Back during undergraduate days, my routine would be to catch a bus/share auto to Nungambakkam railway station, followed by the train ride to Tambaram. Also part of the routine, I must hasten to add, was the often delayed start on my part, which would then keep my friends (two of them) waiting at Nungambakkam for a little longer than they could tolerate. So much so, one of them had enough of it. He told me, towards the end of the third year, “If I had studied during the time that you kept me waiting, I would have become an IAS officer by now.” Although I would like to think that it was said partly in jest, I understood his point. There is nothing more annoying than to be kept waiting.
Not that I changed my ways any soon. I was still late to the cinemas, especially. I once came to PVR a good twenty minutes late to find my friend, with clenched teeth, waiting outside the auditorium. I had the printed tickets. M-booking was still in its infancy stage. Didn’t know what to say, I mumbled an apology and together we rushed in. Fortunately, the movie hadn’t commenced. As I found out on several future occasions, PVR start their shows late. They still do and may god bless them for that!
Now where was I? Yeah, what is it like to be kept waiting. I didn’t know, for I was the one who kept people waiting. That, however, is no longer the scenario.
There seldom passes a day without me waiting outside officers’ cabin, primarily IAS, waiting to be ushered in. I slip in the visiting card, bearing the name of my organization, through the office attendant. But before that, I am usually offered a piece of paper on which visitors are required to write their name and the organization they represent. But no thanks, I say. “Here, take my card!”

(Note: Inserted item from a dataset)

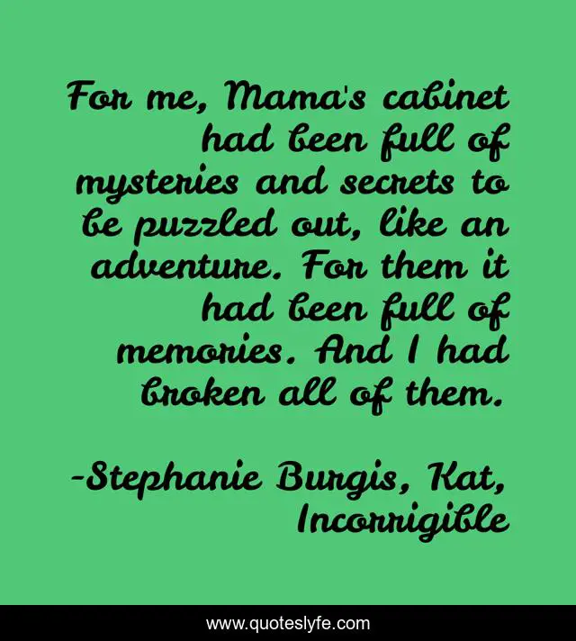 "Stephanie Burgis, Kat, Incorrigible Quotes." Quoteslyfe.com, 2025. Fri. 05 Dec. 2025. <https://www.quoteslyfe.com/quote/For-me-Mama-s-cabinet-had-been-164326>.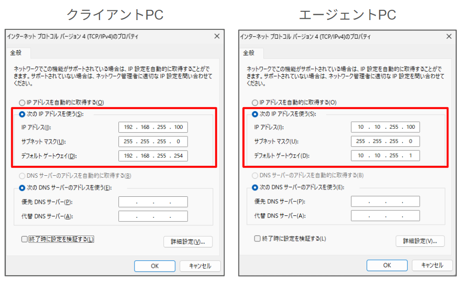 クライアント用アプリケーション、エージェント用アプリケーションをそれぞれ別のPCで動作させるために、2台のPCが必要です。

There are days, of course, when the waiting period is considerably short.
However, you can’t be counting on your lucky stars every now and then. You need to wait, I am often told. “Sir (yes, it’s always sir) is very busy. He is in a meeting with office staff”, to which I reply, “No problem. I shall wait (as always).”
Office staffs come and go but we (visitors) continue to sit on the uncomfortable bench kept outside. The wait is seemingly never ending. It is during such occasions when I am left to think, “Why couldn’t he (officer) just spare some time and then off I’ll be gone!?” An alternate voice soon resonates in my mind. “Why couldn’t you just go to Nungambakkam a little early and then off we’ll all be gone?!”
An important thing to be mindful of while visiting officers is to know their schedule. There have been several instances when I returned back without success. “Sir just left for the secretariat/high court. He won’t be available today.” In such cases, I try to retrieve my visiting card. However, on most occasions I just don’t because the effort makes you look silly. “Sir, can I atleast have my card back?”
A couple of days ago, I was waiting outside the cabin of transport department officer. An hour had passed but I was still not called for. On either side of me, there were two gentlemen. One was talking over the phone, the other on my right dozed off. In hindsight, I should have fallen asleep myself, as it took another half hour for the internal meeting to get over. Instead, I expectantly looked up every 10 seconds, wondering when the door would open and take me in.
PS: I put in EOM, as a matter of habit. After every copy, reporters do that to signify there ends the matter!